All perfect praise be to Allaah, The Lord of the Worlds. I testify that there is none worthy of worship except Allaah, and that Muhammad is His slave and Messenger.
What is understood from the question is that your father really sold the land which he had promised to the farmer and that you received part of its price. Therefore, if the situation is as you mentioned in the question, then the land had become the property of the farmer and there is no way of getting him out of it. Hence, it is not a matter of fulfilling or not fulfilling the promise, since the land had become his and no longer become your father’s. What should be looked at now is the remaining amount from the price of the land. If your father had exempted him in his life while he was not so sick that it was feared that he would die because of his sickness, then the farmer is exempted from the remaining amount. Indeed, the jurists stated that whoever acquits his debtor from his debts even before it is due, with the wording of ‘you are free from this debt’ or ‘this is a charity for you’ or ‘this is a gift for you’ and other expressions that mean renouncing the debts from him, or abandoning it, or making it possessed by him, or forgiving it for him, then the debtor becomes acquitted.

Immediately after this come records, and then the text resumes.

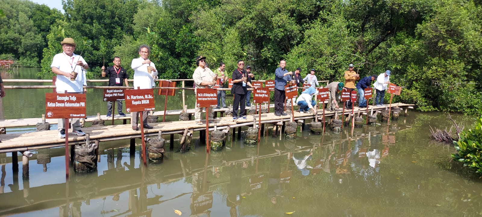 Hadir dalam acara ini jajaran pengurus PWI Pusat dan para Ketua PWI Provinsi, Kabupaten/Kota yang bersama-sama menanam pohon mangrove.
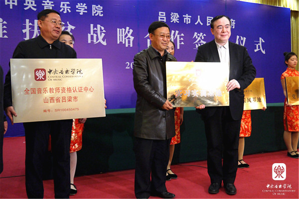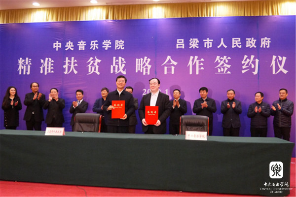 2017年3月,星空彩票ios版中心版收到吕梁市艺术学校关于“在艺术教育、艺术实践、民间采风等方面希望得到我校支持”的来信。俞峰院长十分重视,在院长办公会上与校领导班子共同研究、形成共识,要充分发挥我校师资、产学研用的资源优势,充分发挥山西籍师生的力量,为山西的文化教育事业、吕梁的脱贫攻坚特别是文化脱贫攻坚做出应有的贡献。学校先期派出院长办公室主任赵海和出版社邢媛媛副社长前往吕梁艺校调研考察,了解情况,来自山西的老师积极响应,贾国平、石海彬、薛克、常桦等老师在学院的号召下,成立了专门的工作小组,协调民乐系、附中、管弦系、音教学院、出版社、远程教育学院等校内院系部集思广益,积极与吕梁沟通。星空彩票ios版中心版的热情得到吕梁市热烈回应,市委市政府组织会议专题研究,将有关合作关系提升到与吕梁市在文化、艺术、教育等全面战略合作层面。
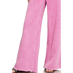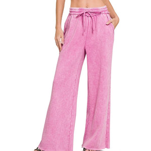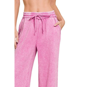 Zenana Acid Wash Fleece Palazzo Sweatpants with Pockets

Therefore, you have no right to ask the farmer to pay the remaining amount.
However, if your father did not acquit him from it, but he just promised that he will renounce it in the future, then the farmer is obliged to pay that amount of money and you have the right to take it.
Nonetheless, there is a last probability, which is that if your father had acquitted the farmer during his death sickness, or that he had conditioned acquitting him from the money on his (your father’s) death, then this kind of acquitting takes the ruling of a will, in which case the farmer is acquitted from the money if it is worth a third of the inheritance or less than a third, but if it is more than a third, then the farmer can only be acquitted from what equals the third.
Allaah Knows best.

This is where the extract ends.